[[ Data listing open ]]
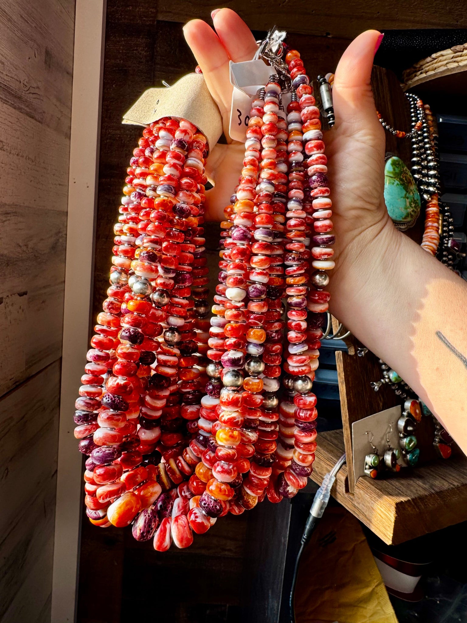 Beads: Mixed spiny oyster (orange, red, purple), purple wampum, 10mm sterling pearls, hematite saucers
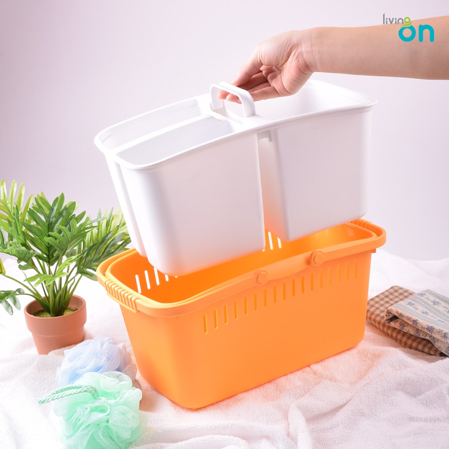 Thiết kế 2 trong 1: bên trong là giỏ màu trắng gồm 3 ngăn, bên ngoài là giỏ màu cam
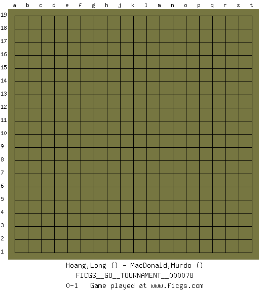 Last move : 0-1 2021 January 31 14:10:57 [Event "FICGS__GO__TOURNAMENT__000078"] [Site "FICGS"] [Date "2021.01.01"] [Round "1"] [Black "Hoang,Long"] [White "MacDonald,Murdo"] [Result "0-1"] 0-1 This go game has been lost on time (started : 2021.01.01 1:22:3) Here are the names of the openings (joseki) played in the four corners : Player White won this Go (weiqi, baduk) game. Follow this game move after move (download)If you don't know ladders, don't play go. (Anonymous) To err is human, but to really foul things up requires a computer. (Farmer's Almanac, 1978)
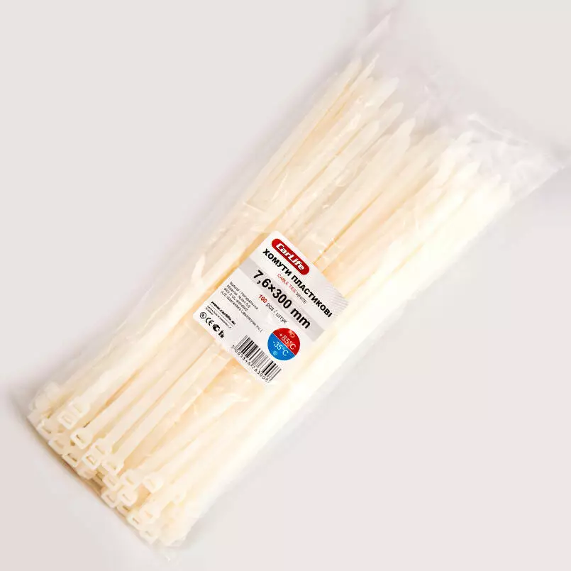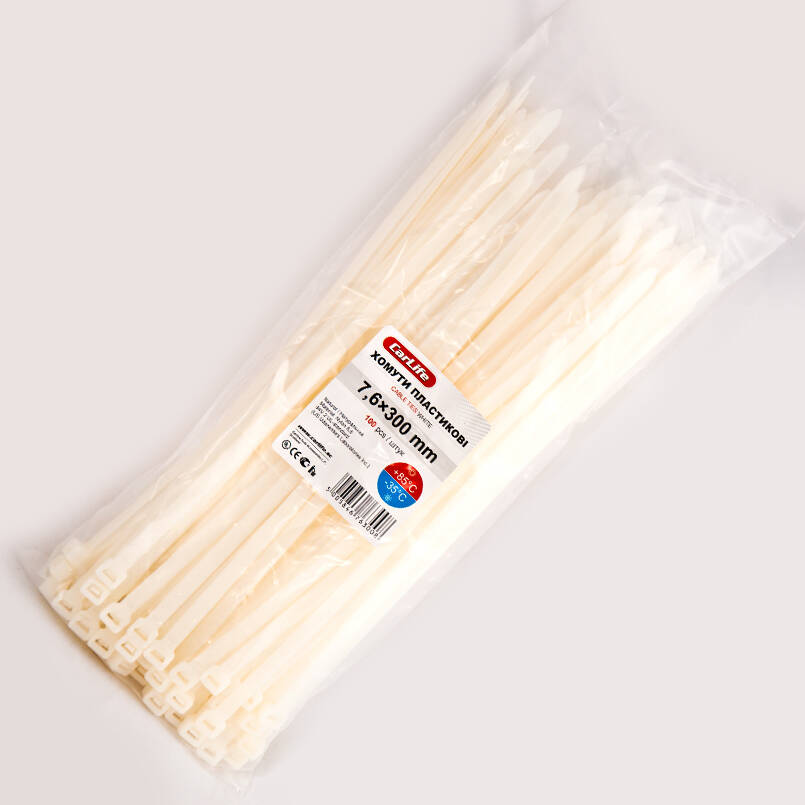 Хомуты пластиковые CARLIFE 7,6x300 мм Белые
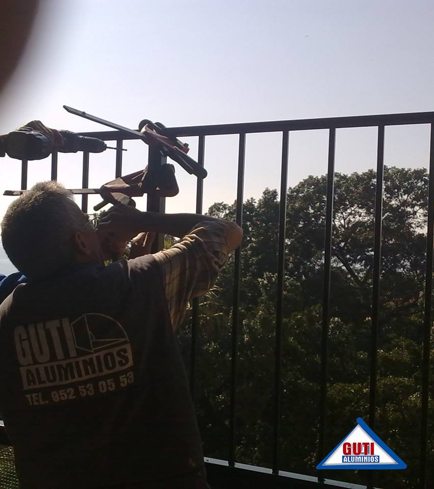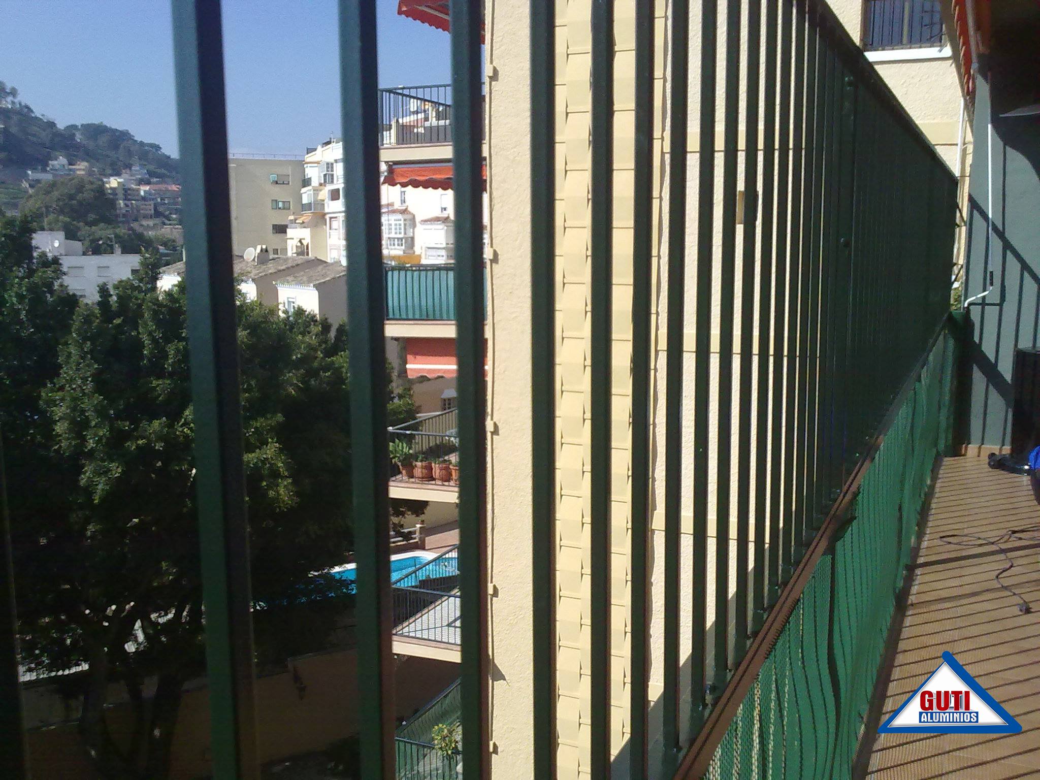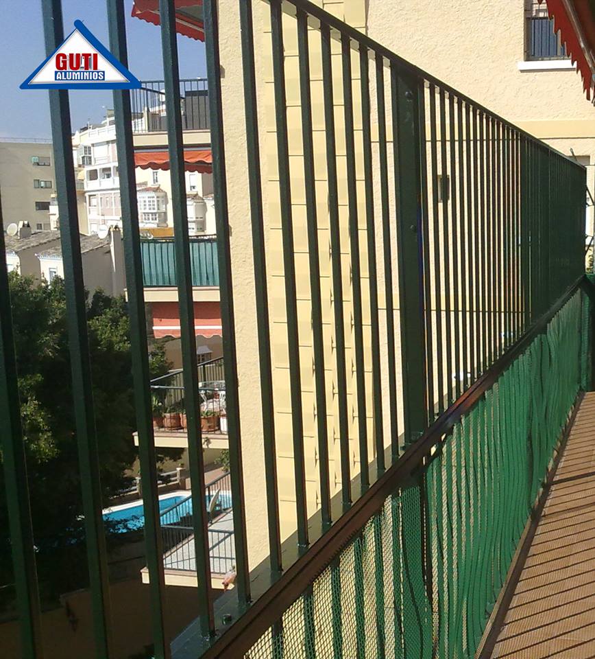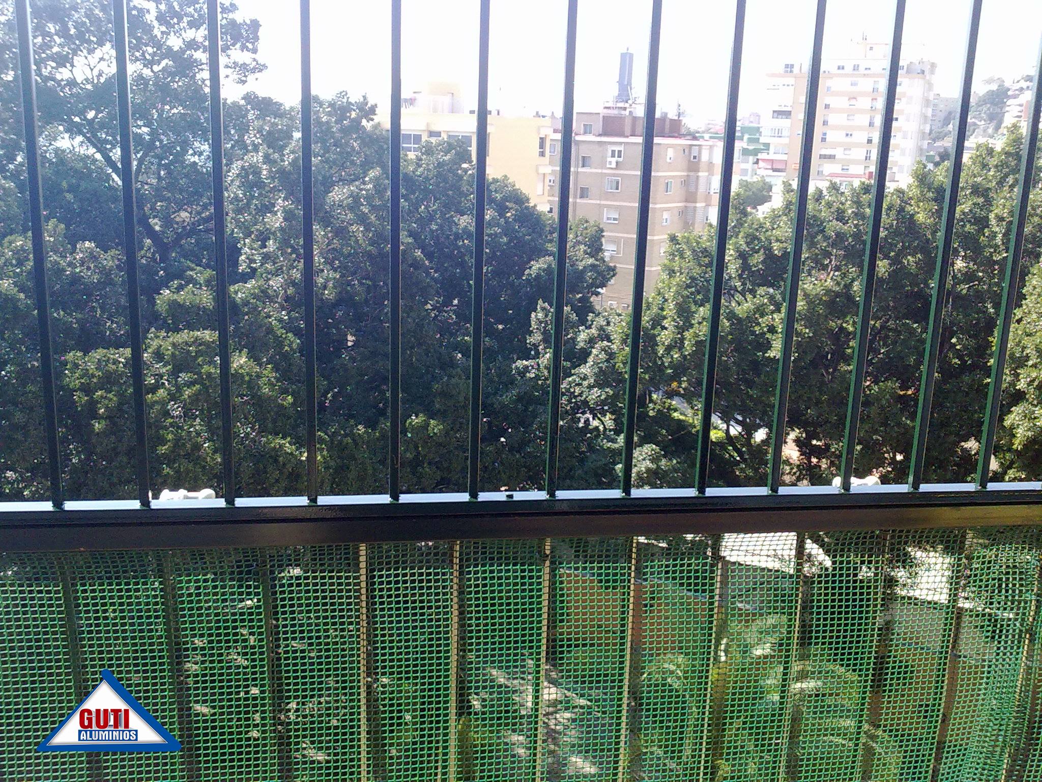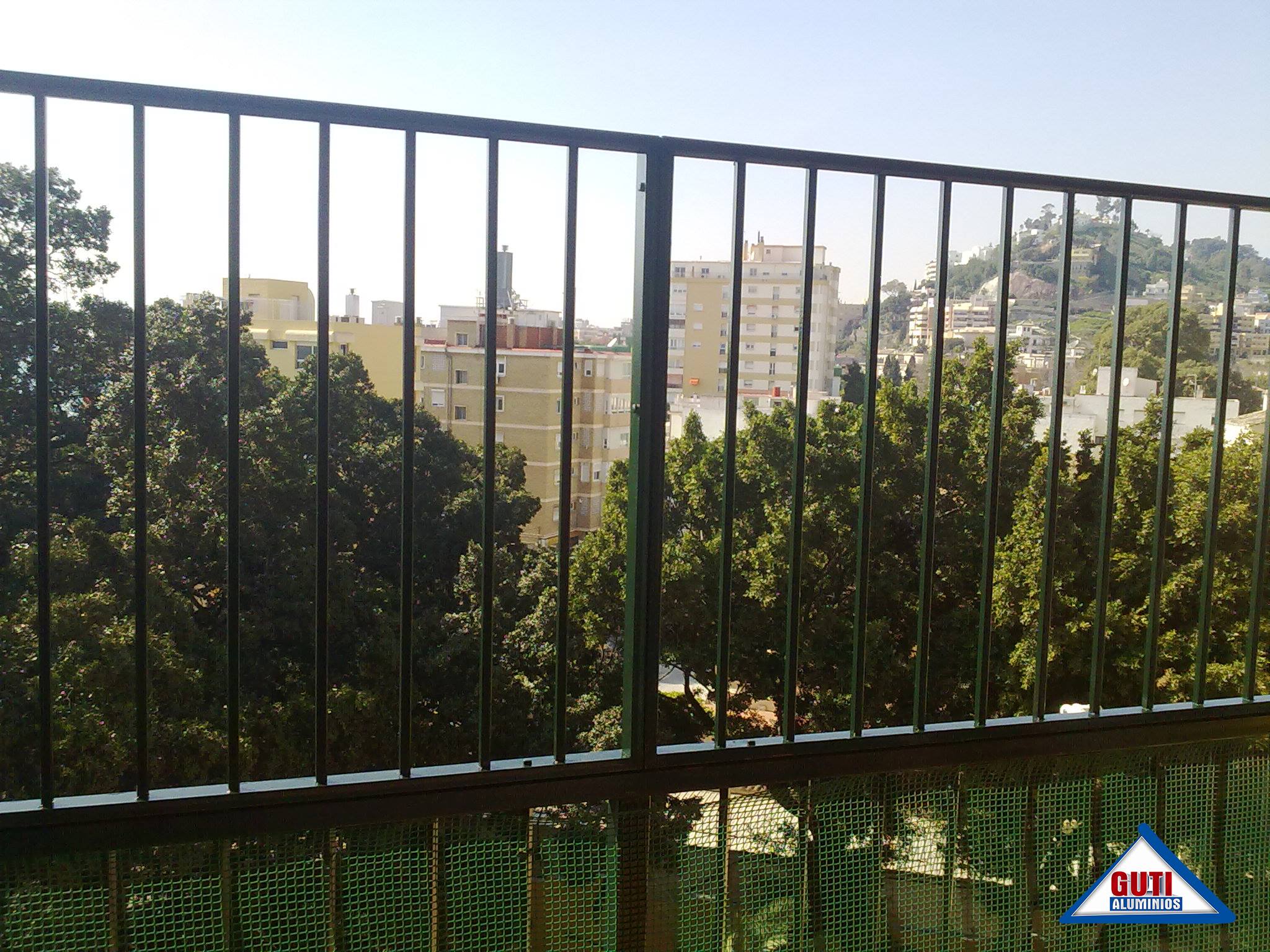 Instalación de dos tramos de baranda de hierro instalada en Málaga capital. Fabricada con barrotes cuadrados y pasamanos rectangular .Pintura dos capa de pintura anticorrosiva y tres capas de pintura en color verde satinado.
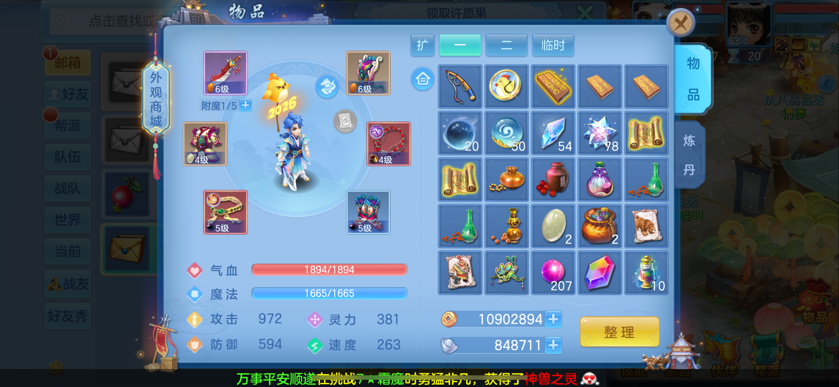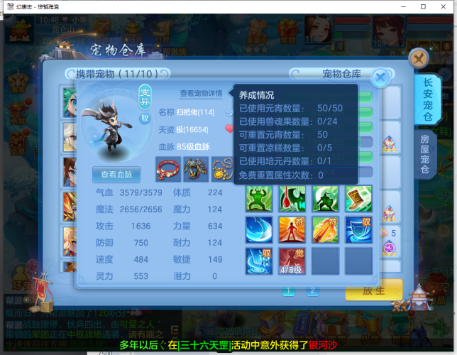 周年相伴09男魔王庄园,1仙三神六满兽魂,差个一百多万银子就满段了。其余看图
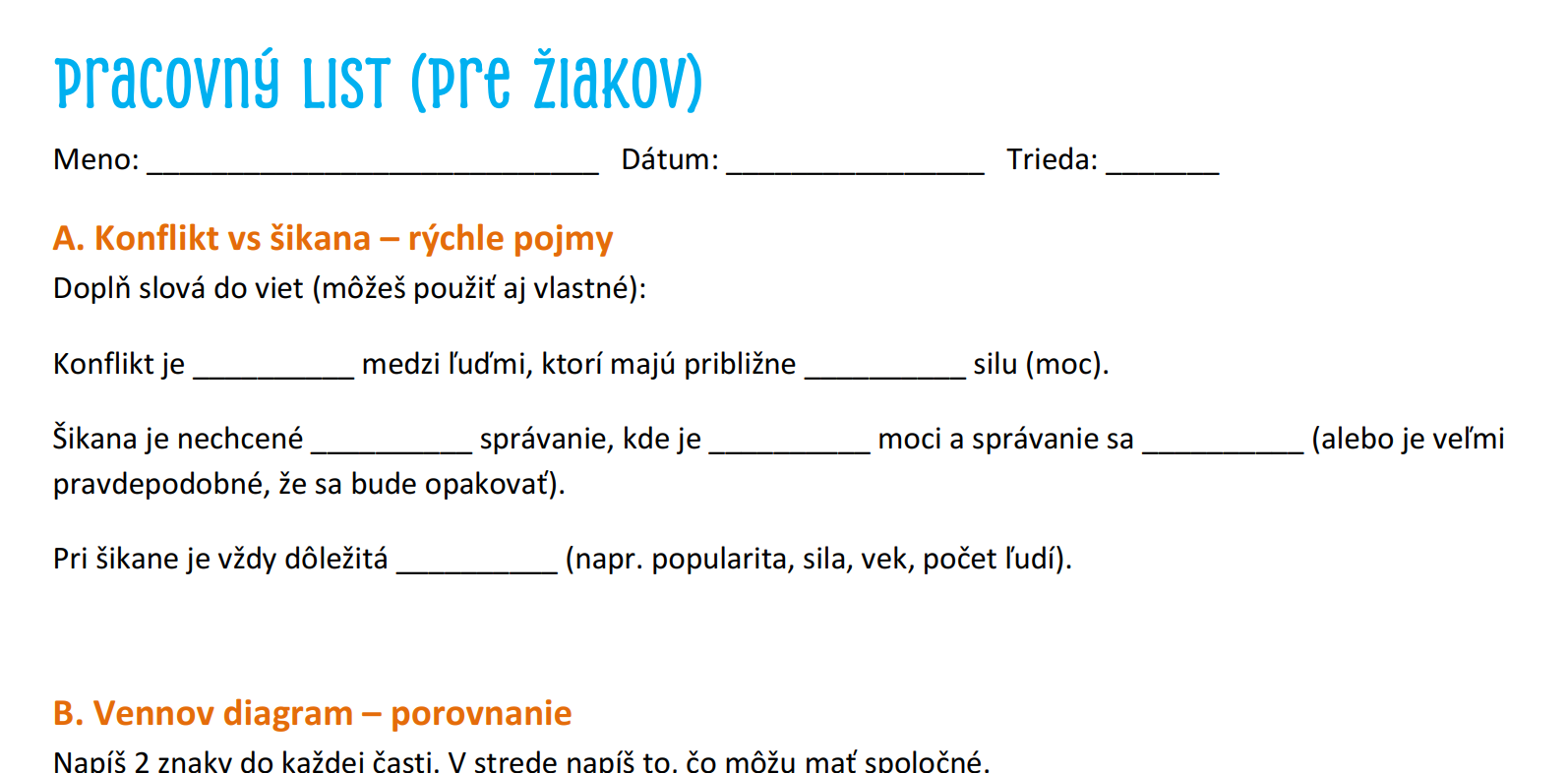 - 4. Pracovný list a príbeh : Príbeh zo života, ktorý slúži na nácvik čítania s porozumením a rozvoj kritického myslenia. Pracovný list pomáha žiakom analyzovať role v šikane (agresor, obeť, svedok).
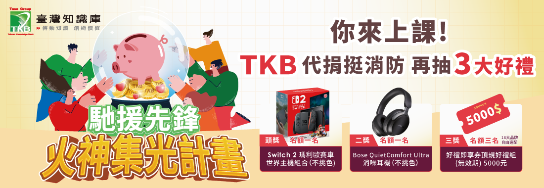 【2025 馳援先鋒火神集光計畫】年終活動開跑!2025/11/01-2025/11/30 凡報名TKB全品項課程,台灣知識庫就幫您捐出學費的千分之三,回饋消防人員,協助抗災!且學費滿3萬元者即可抽:
[[ Data listing closed ]]
Exercise goal
What is needed is a word-for-word copy of the data above, free of any images.

Expected answer
 Beads: Mixed spiny oyster (orange, red, purple), purple wampum, 10mm sterling pearls, hematite saucers
 Thiết kế 2 trong 1: bên trong là giỏ màu trắng gồm 3 ngăn, bên ngoài là giỏ màu cam
 Last move : 0-1 2021 January 31 14:10:57 [Event "FICGS__GO__TOURNAMENT__000078"] [Site "FICGS"] [Date "2021.01.01"] [Round "1"] [Black "Hoang,Long"] [White "MacDonald,Murdo"] [Result "0-1"] 0-1 This go game has been lost on time (started : 2021.01.01 1:22:3) Here are the names of the openings (joseki) played in the four corners : Player White won this Go (weiqi, baduk) game. Follow this game move after move (download)If you don't know ladders, don't play go. (Anonymous) To err is human, but to really foul things up requires a computer. (Farmer's Almanac, 1978)
 Хомуты пластиковые CARLIFE 7,6x300 мм Белые
 Instalación de dos tramos de baranda de hierro instalada en Málaga capital. Fabricada con barrotes cuadrados y pasamanos rectangular .Pintura dos capa de pintura anticorrosiva y tres capas de pintura en color verde satinado.
 周年相伴09男魔王庄园,1仙三神六满兽魂,差个一百多万银子就满段了。其余看图
 - 4. Pracovný list a príbeh : Príbeh zo života, ktorý slúži na nácvik čítania s porozumením a rozvoj kritického myslenia. Pracovný list pomáha žiakom analyzovať role v šikane (agresor, obeť, svedok).
 【2025 馳援先鋒火神集光計畫】年終活動開跑!2025/11/01-2025/11/30 凡報名TKB全品項課程,台灣知識庫就幫您捐出學費的千分之三,回饋消防人員,協助抗災!且學費滿3萬元者即可抽:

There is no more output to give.